> _WORK TASK_: Retype exactly what appears below from the line containing "Petugas mengamankan satu" down to the line containing "フィルムの種類は、マットホワ", keeping both end lines. Do not include pictures.

> _Records excerpted from a collection_:
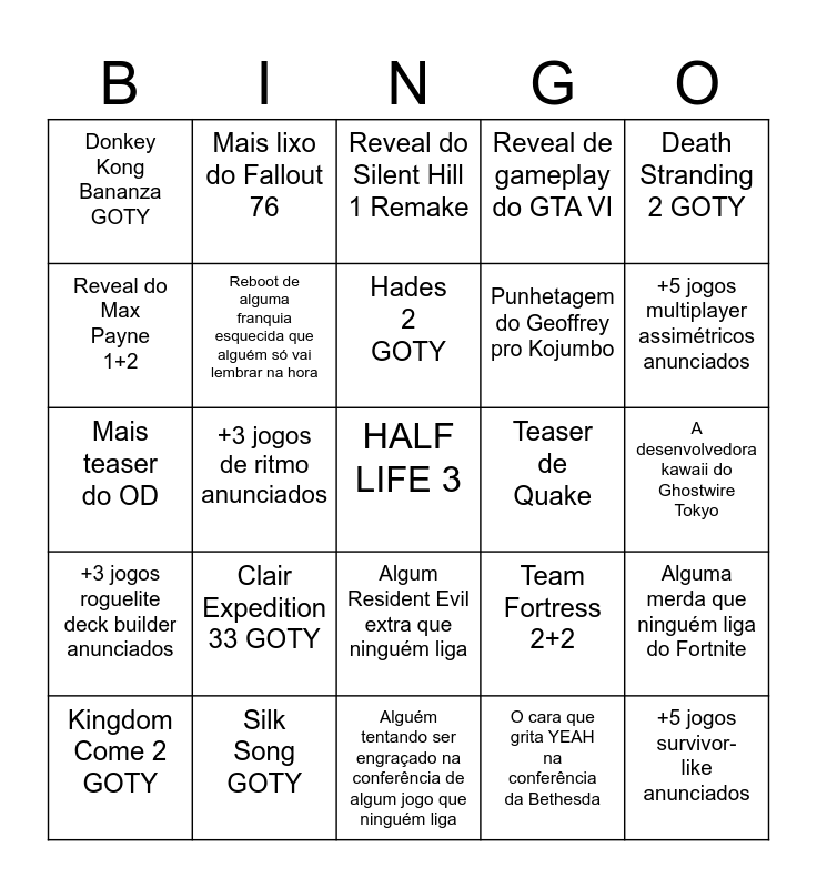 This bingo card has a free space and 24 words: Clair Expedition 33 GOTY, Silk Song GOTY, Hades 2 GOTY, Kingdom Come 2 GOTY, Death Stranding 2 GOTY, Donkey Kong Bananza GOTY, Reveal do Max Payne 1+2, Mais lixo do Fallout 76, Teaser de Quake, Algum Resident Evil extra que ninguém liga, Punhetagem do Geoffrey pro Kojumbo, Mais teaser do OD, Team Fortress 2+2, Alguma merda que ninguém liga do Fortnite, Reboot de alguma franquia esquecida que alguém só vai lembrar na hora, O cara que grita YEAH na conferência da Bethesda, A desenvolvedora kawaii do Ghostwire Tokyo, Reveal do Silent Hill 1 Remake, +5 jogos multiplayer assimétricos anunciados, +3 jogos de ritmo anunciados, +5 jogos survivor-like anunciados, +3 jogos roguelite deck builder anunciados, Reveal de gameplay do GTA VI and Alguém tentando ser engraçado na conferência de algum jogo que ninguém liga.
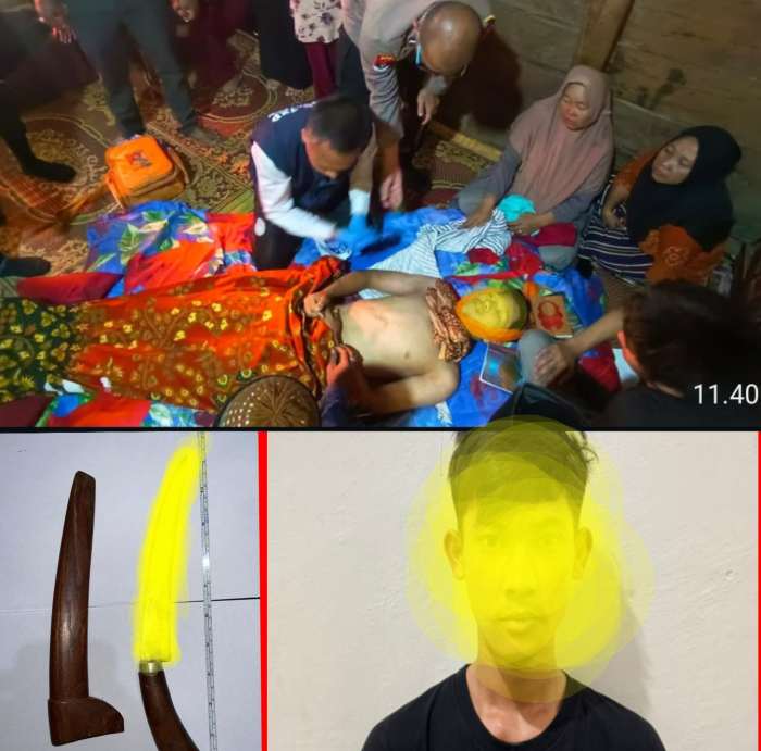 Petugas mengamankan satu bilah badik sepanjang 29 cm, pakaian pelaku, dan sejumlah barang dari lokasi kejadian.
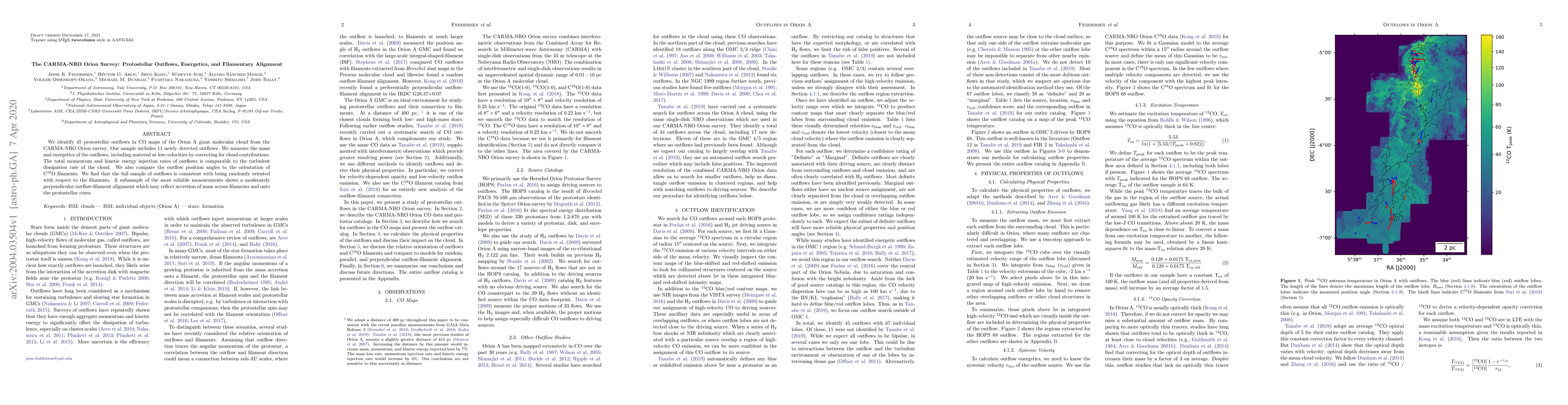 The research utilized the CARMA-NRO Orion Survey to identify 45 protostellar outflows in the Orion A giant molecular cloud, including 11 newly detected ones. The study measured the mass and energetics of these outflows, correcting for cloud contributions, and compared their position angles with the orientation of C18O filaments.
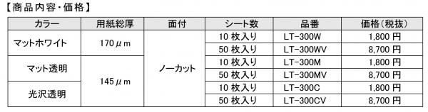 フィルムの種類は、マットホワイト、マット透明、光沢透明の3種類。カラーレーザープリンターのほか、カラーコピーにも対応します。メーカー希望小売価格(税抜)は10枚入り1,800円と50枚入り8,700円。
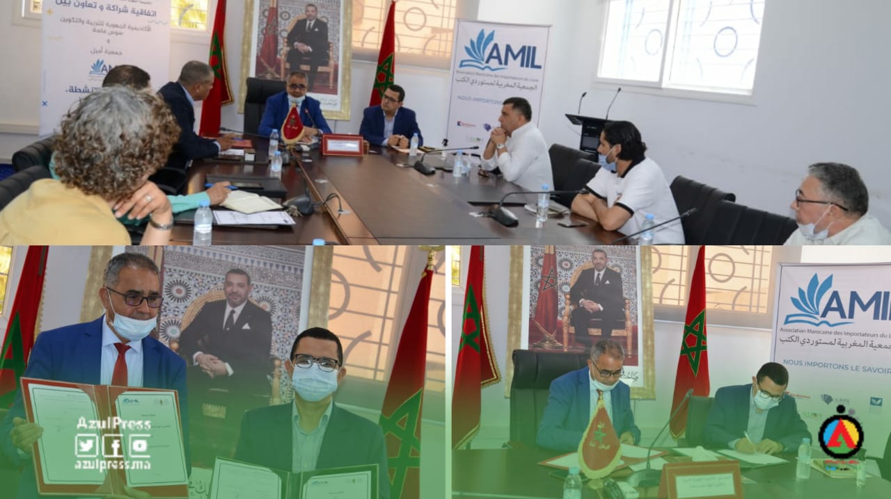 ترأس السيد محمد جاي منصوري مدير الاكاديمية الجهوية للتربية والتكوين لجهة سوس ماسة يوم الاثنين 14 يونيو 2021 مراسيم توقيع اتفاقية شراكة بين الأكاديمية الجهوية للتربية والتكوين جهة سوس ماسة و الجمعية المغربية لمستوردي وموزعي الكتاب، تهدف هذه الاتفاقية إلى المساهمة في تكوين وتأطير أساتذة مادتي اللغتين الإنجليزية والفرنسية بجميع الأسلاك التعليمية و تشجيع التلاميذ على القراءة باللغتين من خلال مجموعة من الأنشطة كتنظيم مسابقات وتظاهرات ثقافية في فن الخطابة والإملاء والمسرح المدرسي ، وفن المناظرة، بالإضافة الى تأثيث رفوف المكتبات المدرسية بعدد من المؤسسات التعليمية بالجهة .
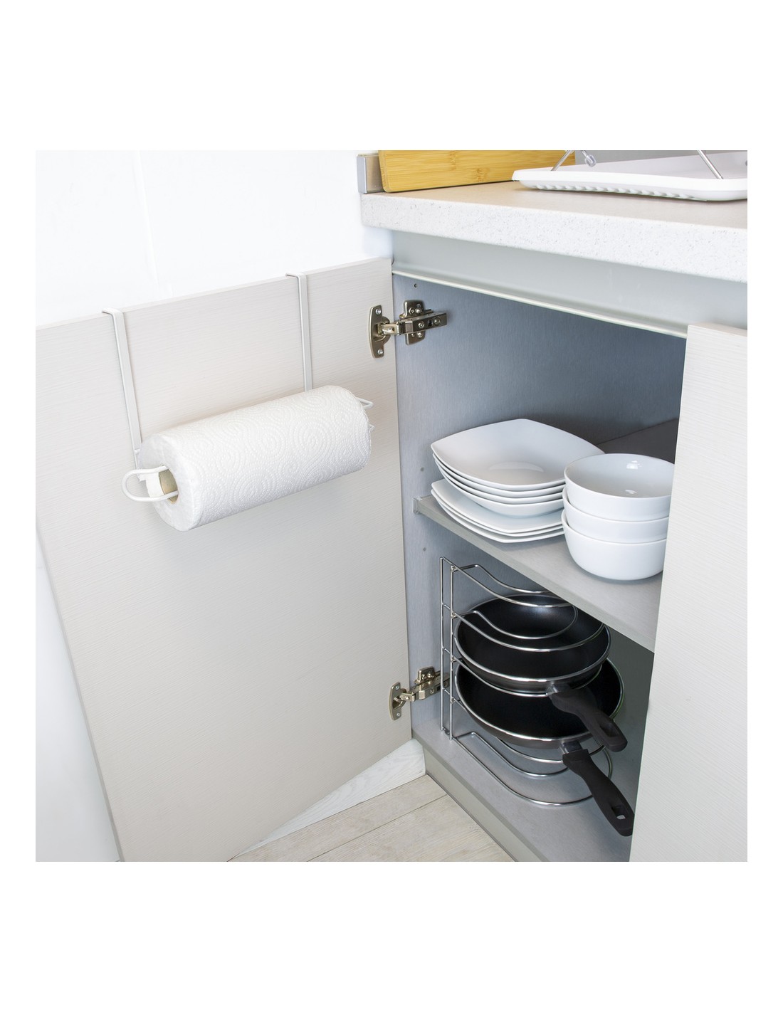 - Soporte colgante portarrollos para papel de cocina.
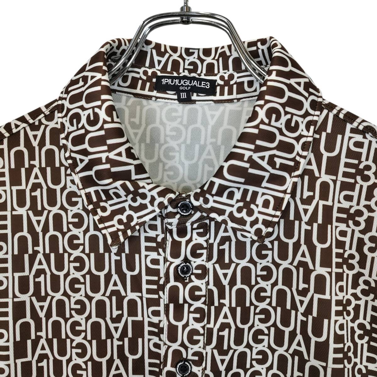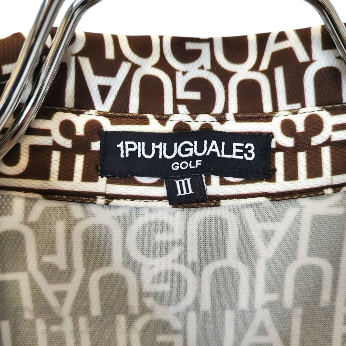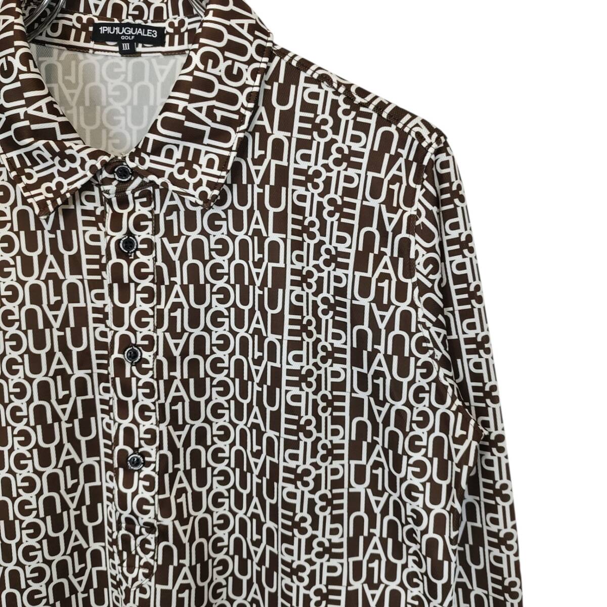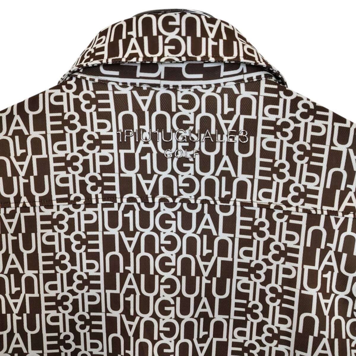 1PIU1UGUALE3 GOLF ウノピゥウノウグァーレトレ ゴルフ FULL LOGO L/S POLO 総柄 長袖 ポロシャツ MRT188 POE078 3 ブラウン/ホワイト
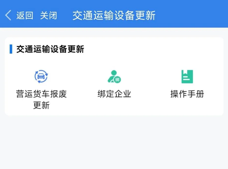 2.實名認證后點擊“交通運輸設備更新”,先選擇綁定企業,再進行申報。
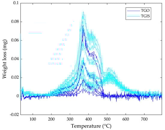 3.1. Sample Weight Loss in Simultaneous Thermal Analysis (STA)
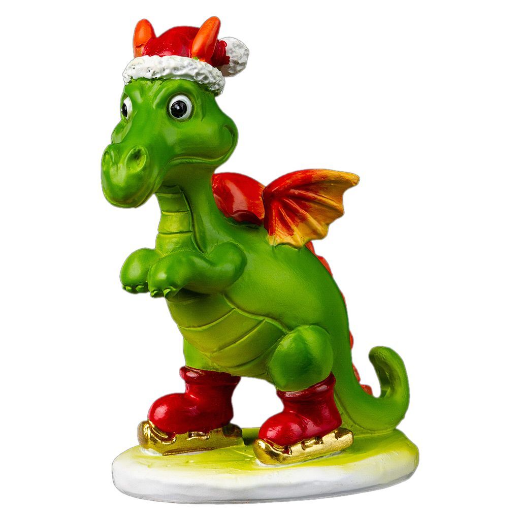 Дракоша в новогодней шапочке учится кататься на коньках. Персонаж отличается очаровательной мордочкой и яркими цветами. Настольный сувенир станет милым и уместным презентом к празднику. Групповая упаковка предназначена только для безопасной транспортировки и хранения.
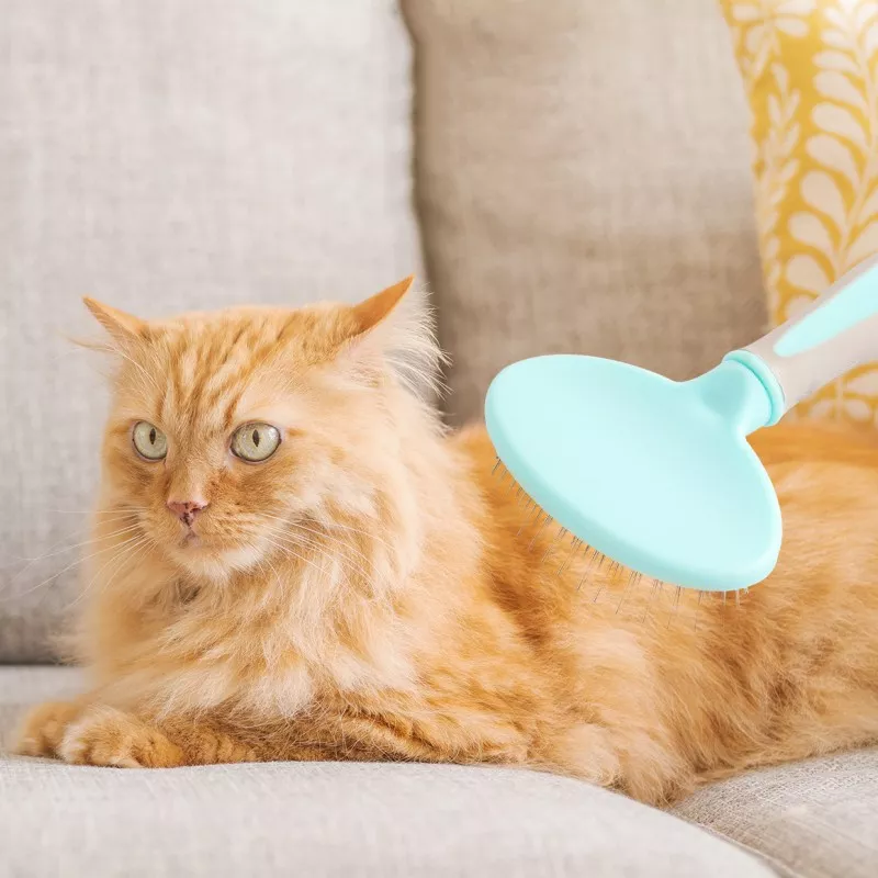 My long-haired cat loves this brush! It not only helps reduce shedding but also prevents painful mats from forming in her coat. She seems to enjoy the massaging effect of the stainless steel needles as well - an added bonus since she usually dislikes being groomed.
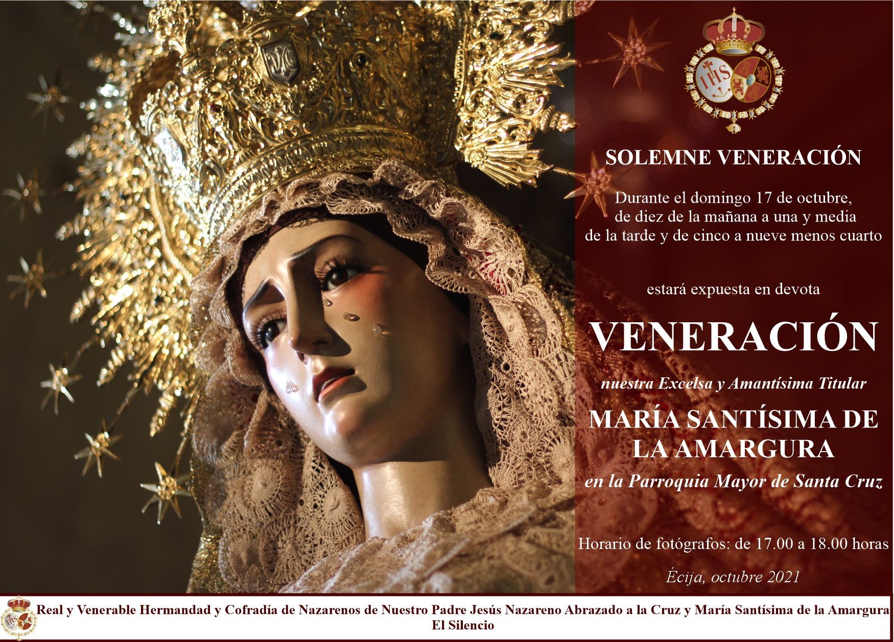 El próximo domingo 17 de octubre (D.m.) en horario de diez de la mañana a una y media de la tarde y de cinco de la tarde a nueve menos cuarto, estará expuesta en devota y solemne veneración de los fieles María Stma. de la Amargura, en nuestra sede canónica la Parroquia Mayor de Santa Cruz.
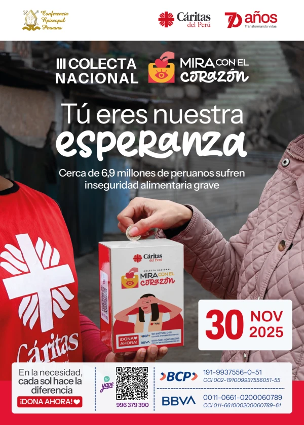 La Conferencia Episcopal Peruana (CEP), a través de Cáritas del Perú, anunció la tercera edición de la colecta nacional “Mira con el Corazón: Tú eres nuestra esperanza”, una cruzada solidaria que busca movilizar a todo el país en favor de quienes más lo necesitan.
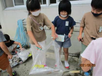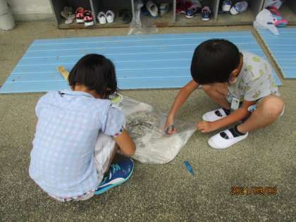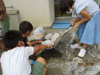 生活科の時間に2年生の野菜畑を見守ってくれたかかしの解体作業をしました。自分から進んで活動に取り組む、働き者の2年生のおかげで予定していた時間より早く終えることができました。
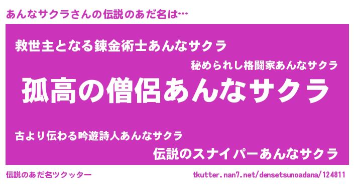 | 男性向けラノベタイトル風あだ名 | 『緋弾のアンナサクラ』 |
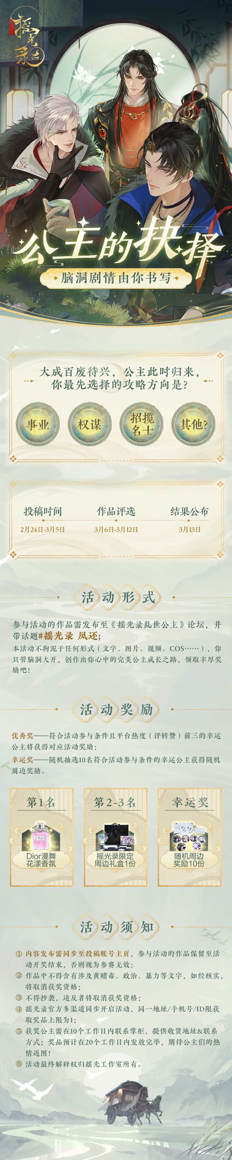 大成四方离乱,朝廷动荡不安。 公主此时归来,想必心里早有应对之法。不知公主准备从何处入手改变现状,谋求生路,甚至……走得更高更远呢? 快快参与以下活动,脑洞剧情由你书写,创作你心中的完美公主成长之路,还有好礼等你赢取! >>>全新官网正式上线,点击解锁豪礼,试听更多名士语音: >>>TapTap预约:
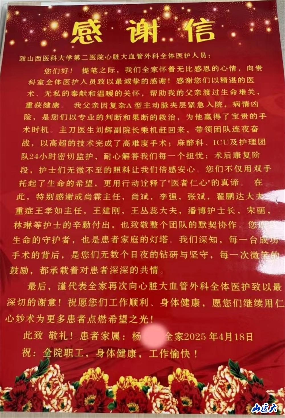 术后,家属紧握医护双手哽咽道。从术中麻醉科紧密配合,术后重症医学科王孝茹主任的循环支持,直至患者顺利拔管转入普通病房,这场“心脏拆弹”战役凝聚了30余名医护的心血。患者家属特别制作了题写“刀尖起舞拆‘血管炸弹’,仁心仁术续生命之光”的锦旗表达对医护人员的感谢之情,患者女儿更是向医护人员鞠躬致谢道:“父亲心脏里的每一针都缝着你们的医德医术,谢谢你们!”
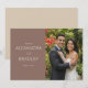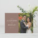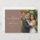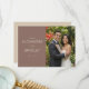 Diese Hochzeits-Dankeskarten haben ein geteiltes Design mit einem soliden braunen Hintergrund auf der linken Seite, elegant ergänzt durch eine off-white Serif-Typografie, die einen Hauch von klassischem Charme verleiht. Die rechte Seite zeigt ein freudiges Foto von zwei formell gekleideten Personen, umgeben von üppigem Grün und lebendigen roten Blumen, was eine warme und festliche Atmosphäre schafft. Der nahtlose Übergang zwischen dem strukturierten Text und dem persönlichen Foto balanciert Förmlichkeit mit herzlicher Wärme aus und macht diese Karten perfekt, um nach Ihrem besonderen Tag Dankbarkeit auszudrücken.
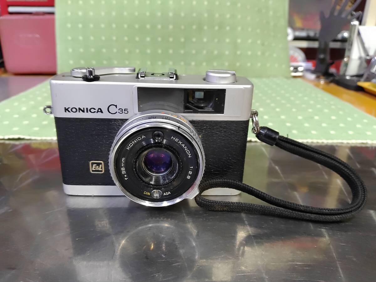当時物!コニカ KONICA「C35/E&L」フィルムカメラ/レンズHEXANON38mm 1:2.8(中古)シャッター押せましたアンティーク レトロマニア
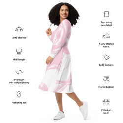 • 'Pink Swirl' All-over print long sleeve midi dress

> _ANSWER SECTION_:
 Petugas mengamankan satu bilah badik sepanjang 29 cm, pakaian pelaku, dan sejumlah barang dari lokasi kejadian.
 The research utilized the CARMA-NRO Orion Survey to identify 45 protostellar outflows in the Orion A giant molecular cloud, including 11 newly detected ones. The study measured the mass and energetics of these outflows, correcting for cloud contributions, and compared their position angles with the orientation of C18O filaments.
 フィルムの種類は、マットホワイト、マット透明、光沢透明の3種類。カラーレーザープリンターのほか、カラーコピーにも対応します。メーカー希望小売価格(税抜)は10枚入り1,800円と50枚入り8,700円。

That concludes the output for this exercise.